Vrolijkheid van hennep bij Dodoens
‘Kemp-zaad’ is moeilijk verteerbaar: maag en hoofd kunnen er niet zo goed tegen. Het bevordert dat het ‘kwaad vocht’ toeneemt. Toch zijn er mensen die het zaad roosteren en het -verwerkt in banket- eten. Deze soort gebak eet men aan het eind van de maaltijd om vrolijkheid op te wekken. Kemp is een ander woord voor kennep, hennep of Cannabis sativa. Dit kemp-relaas is ontleend aan Rembertus Dodonaeus, een bekende Nederlandse medicus en botanicus die leefde van omstreeks 1517 tot 1585. Het Natuurhistorisch Museum te Maastricht bezit een exemplaar van diens bekendste werk, het Cruydt-boeck, dat in 1608 in Leiden werd gedrukt door Françoys van Ravelingen of Raphelengius, de beheerder van het Leidse filiaal van de beroemde Antwerpse uitgever Christoffel Plantijn.

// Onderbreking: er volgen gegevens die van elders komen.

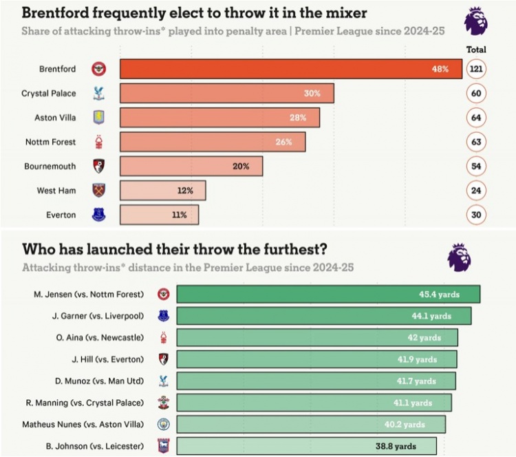 伯恩茅斯是英超最擅长使用“手榴弹”战术的球队之一。 除了精研压迫式反抢打法,伊劳拉也非常注意追随潮流,他认为只有在战术层面上精益求精,才能从竞争激烈的英超赛场脱颖而出。无论是来自门将的后场大脚长传,还是两个半场开始时直接将球踢出界然后再实施压迫,亦或是频繁砸向禁区的“手榴弹”式边线球,伯恩茅斯运用地都非常娴熟,他们是英超为数不多集齐了所有潮流战术元素,还可以坚定不移地贯彻到底的球队之一,伊劳拉对麾下的掌控力可见一斑。

Rembert Doedeszoon Joenckema, ook genoemd Doedens of Dodoens, werd in Mechelen geboren als zoon van een lid van de vroedschap of stedelijke raad die de voornaam Dionisius, Dodo of Doede droeg. Rembert studeerde medicijnen in Leuven en werd vervolgens stadsarts in zijn geboorteplaats. Van 1574 tot 1579 was hij de lijfarts van de Duitse keizer Maximiliaan II en van diens zoon, keizer Rudolf II. Vanaf 1582 tot aan het eind van zijn leven was hij hoogleraar in de botanie en de medische wetenschappen in Leiden.
Vanouds hebben mensen bij ziekte hun toevlucht genomen tot kruiden en er ook baat bij gevonden. Sinds de Chinese keizer Cheng Nung (2700 v.Chr.) en Aristoteles' leermeester Theophrastus (ca 350 v.Chr.) zijn er vele kruiden-handschriften en -boeken verschenen. In 1583 was van Dodoens al een Latijnse versie van zijn Cruydt-boeck verschenen, waar bekende geleerden als Clusius en Lobelius aan meewerkten.

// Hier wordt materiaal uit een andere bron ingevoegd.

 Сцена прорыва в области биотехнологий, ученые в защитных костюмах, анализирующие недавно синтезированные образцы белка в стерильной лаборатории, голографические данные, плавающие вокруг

Dodoens schreef zijn ongeveer 1600 pagina's dikke Cruydt-boeck, dat met mooie houtsneden is geïllustreerd, speciaal voor artsen, omdat hij het jammer vond dat het verzamelen van heilzame kruiden door ‘Apothekers oft sommighen anderen ongheleerden’ geschiedde en door de medici werd verwaarloosd. Toch schrijft hij in de ‘Neerduytsche tale’ zodat ook leken er iets van kunnen opsteken.
Hij verwierp de zogenaamde signatuur-leer die in de kruidengeneeskunst een grote rol speelde. Elke plant zou van God een teken hebben meegekregen dat verwees naar het juiste gebruik: een plant met vruchten die op een slangenkop leken, zou tegen slangenbeten helpen, rode bessen hielpen het best bloedingen te stelpen, enzovoorts. Bij Dodoens gaven meer de praktische resultaten de doorslag, al werkte de oude tekenenleer door in latere aanvullingen op zijn werk.